In the nineteen-twenties a small group of officers in the Cavalry branch of the Army foresaw that the next war would be mechanized and, unlike the First World War, one of maneuver. Chaffee, Patton, and Levin Campbell are the most familiar names.
In 1927, members of this group, armed with a small appropriation, arranged with Cunningham to produce experimental tanks and other armored vehicles. What they wanted most was a fast light tank. The lumbering Christies of the First World War had been suited to trench warfare, but they were too slow for a war of maneuver. Their function had been to batter holes in a heavily held line. Light tanks, in contrast, would make rapid encirclements. They would have to travel long distances rapidly and without breaking down.

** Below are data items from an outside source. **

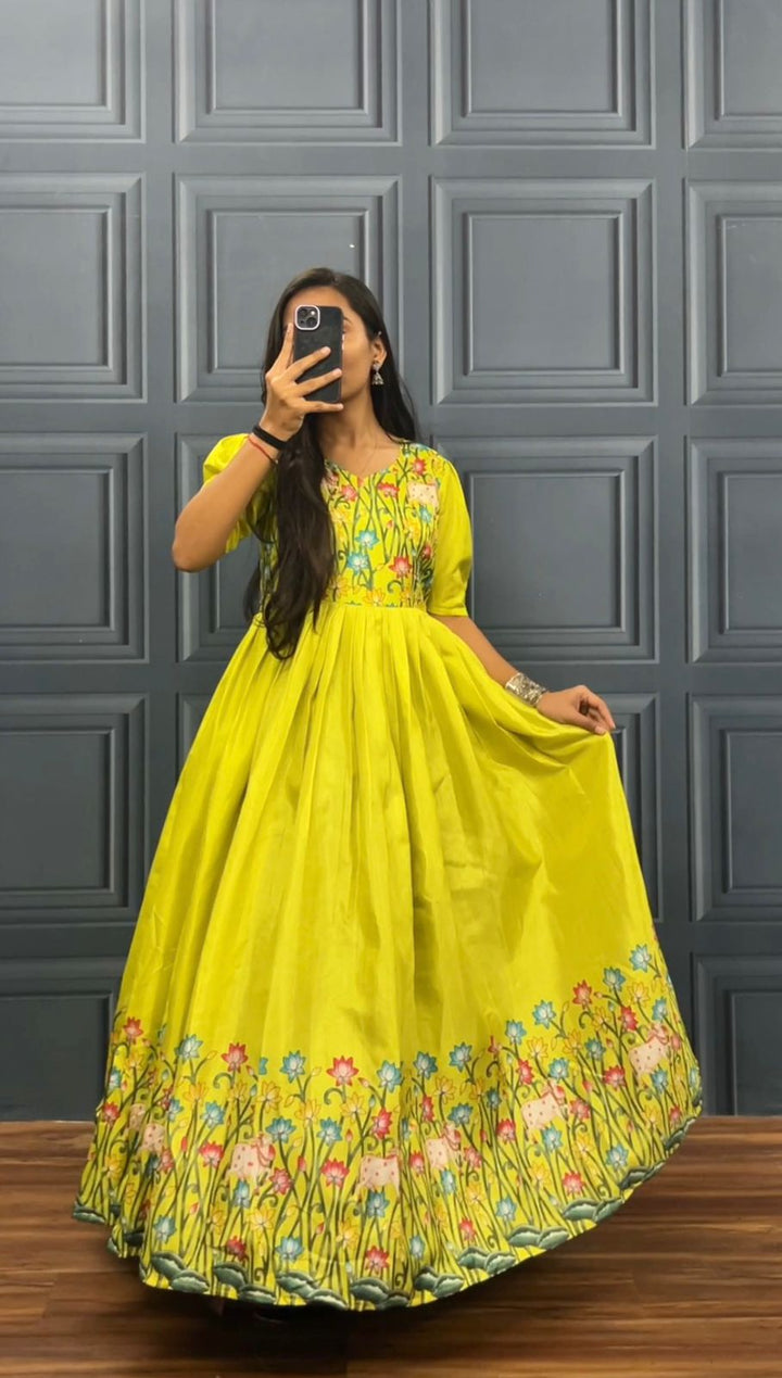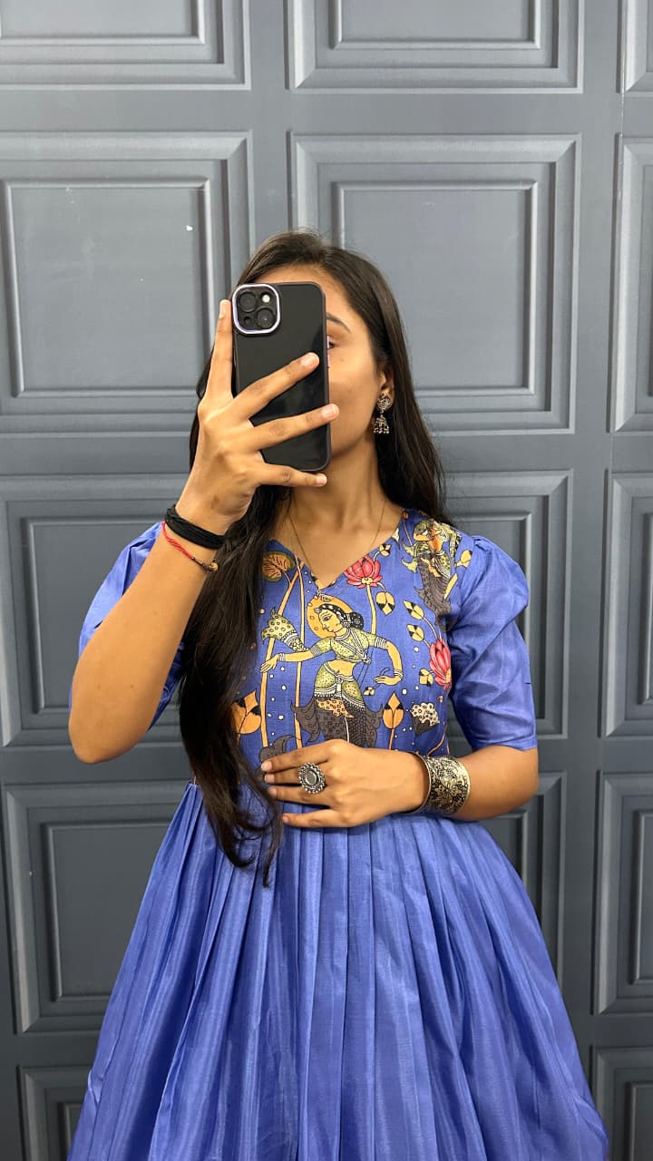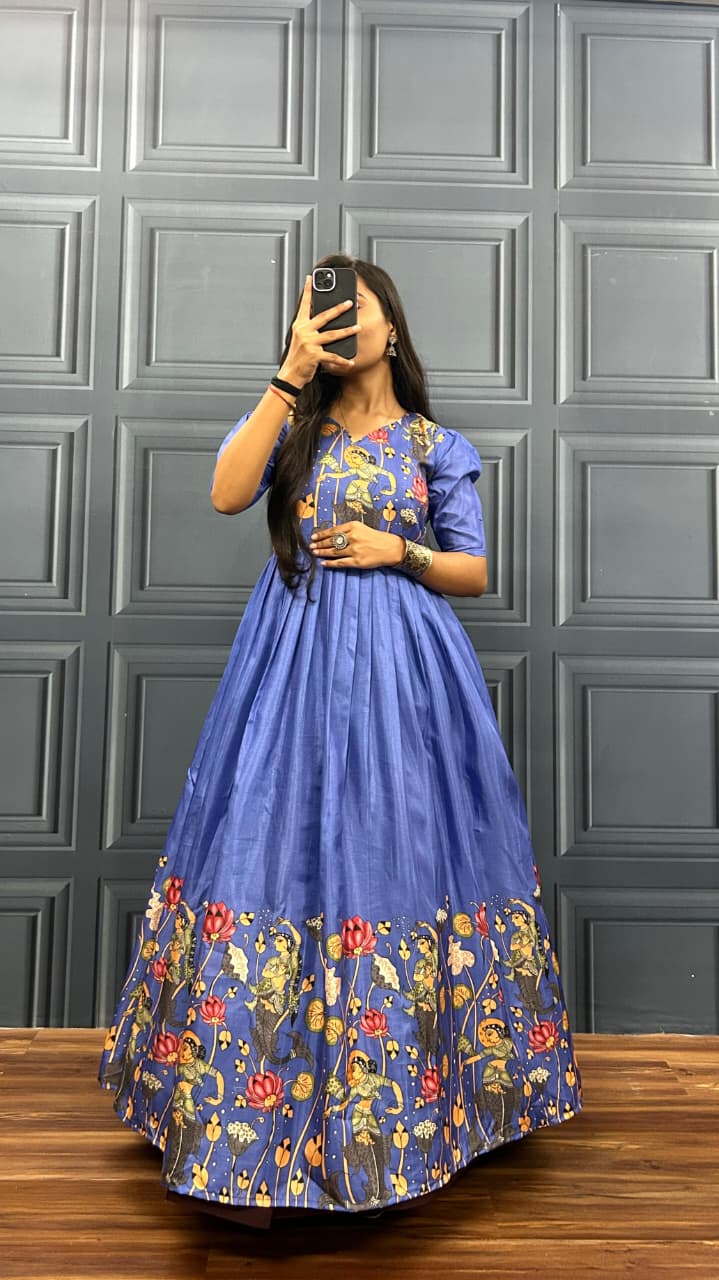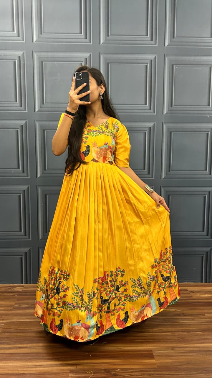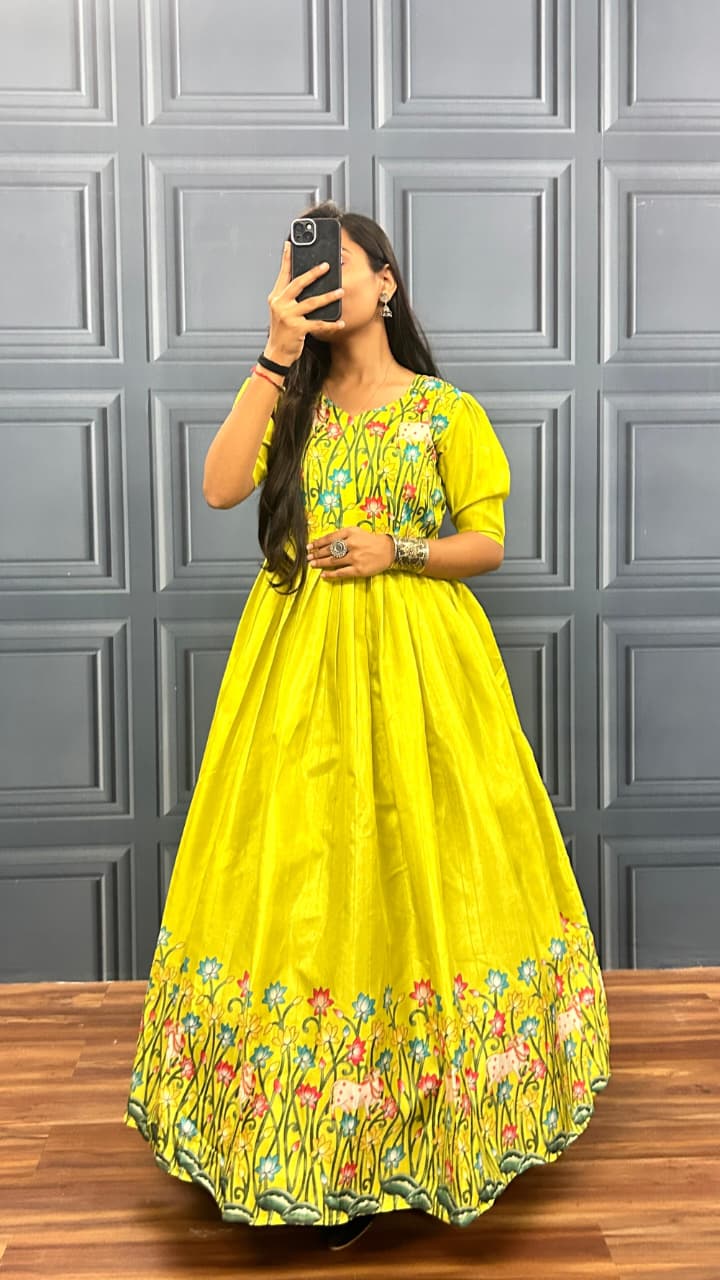 Soft Cotton Tussar Gown with Stylish Pichwai Print – Kids & Adults Sizes Available
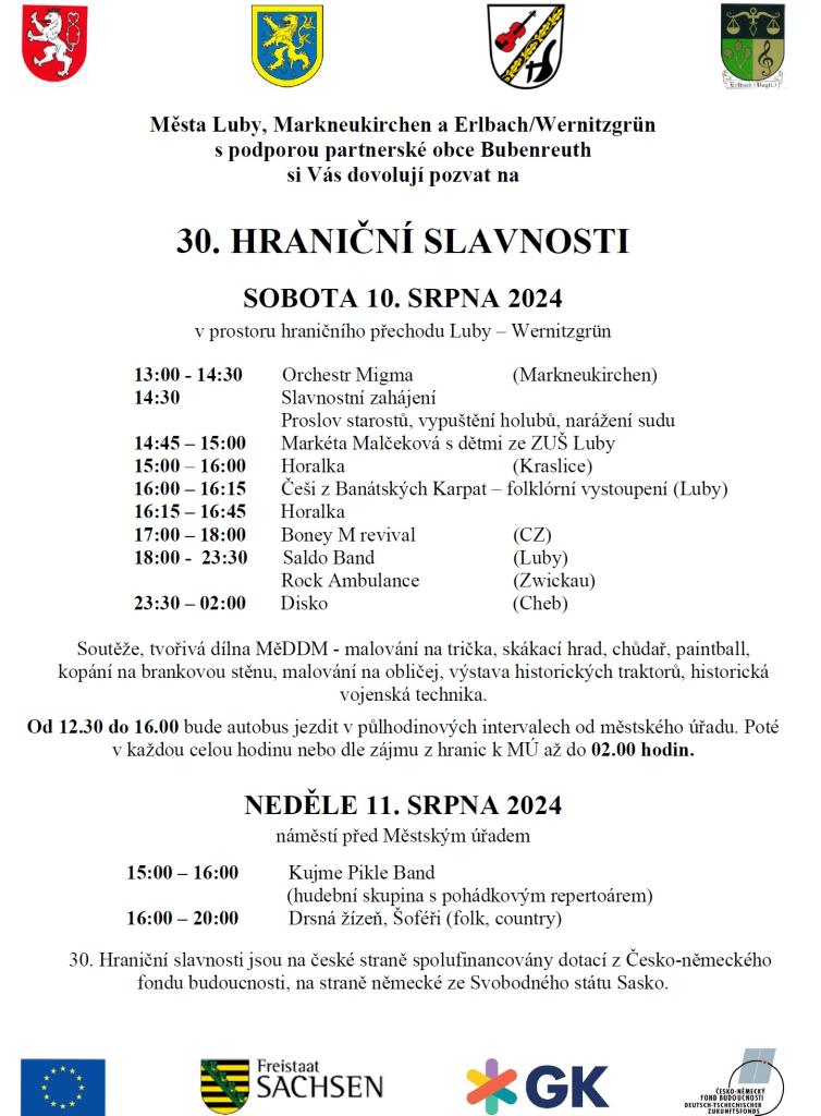 Již 30 let se konají lidové slavnosti na hranici mezi Českou republikou a Saskem přímo na silnici mezi obcemi Luby a Wernitzgrün. v sobotu od 14 hodin začíná lidová slavnost se zábavou pro velké i malé, lokálními potravinami a hudbou a tancem.
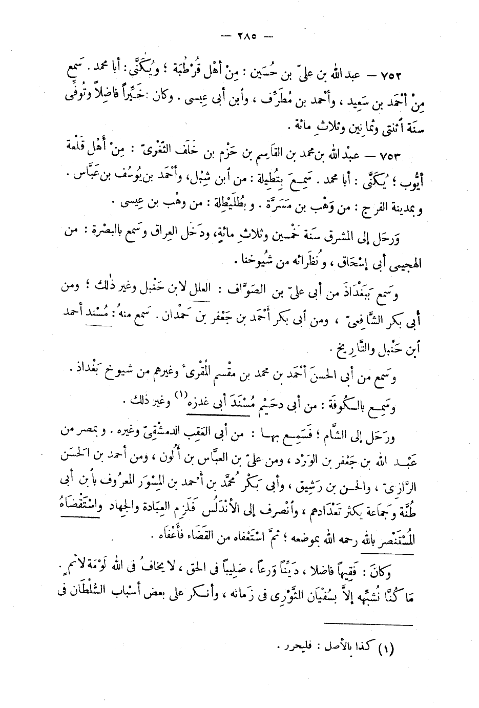 753 - عبد الله بن محمد بن القاسِم بن حَزْم بن خَلَف الثّغْريّ: منْ أهْل قَلْعة أيّوب؛ يُكنّى: أبا محمد. سمعَ بِتُطيلة: من ابن شِبْل، وأحمد بن يوسُف بن عبّاس. وبمدينة الفرج: من وَهْب بن مَسَرّة. وبِطُلَيطَلة: من وهْب بن عيسى.

NINE-TON CALVARY TANK, MOUNTING A 37mm CANNON AND 30 CAL. MACHINE GUN
Cunningham went to work, and in March, 1928, its first tank was tested at Aberdeen, Maryland. Equipped with a revolving turret and armed with a 37 millimeter cannon and a .30 caliber machine gun, it traveled twenty miles an hour, more than three times as fast as any tank that had been produced up to that time.
This was only a beginning. By 1933, Cunningham had developed a tank track, with light-weight rubber-block treads that allowed for greater speeds. In 1935 one of its tanks attained a cross-country speed of fifty miles an hour.
FOUR-WHEEL DRIVE T4 ARMOURED CAR, 1930
Cunningham also developed experimental half-tracks, cargo-carriers, armored cars, and a weapons carrier for a 75 millimeter howitzer. Then appropriations for this purpose ceased, and when the firm resumed defense production five years later, it was no longer equipped to make vehicles.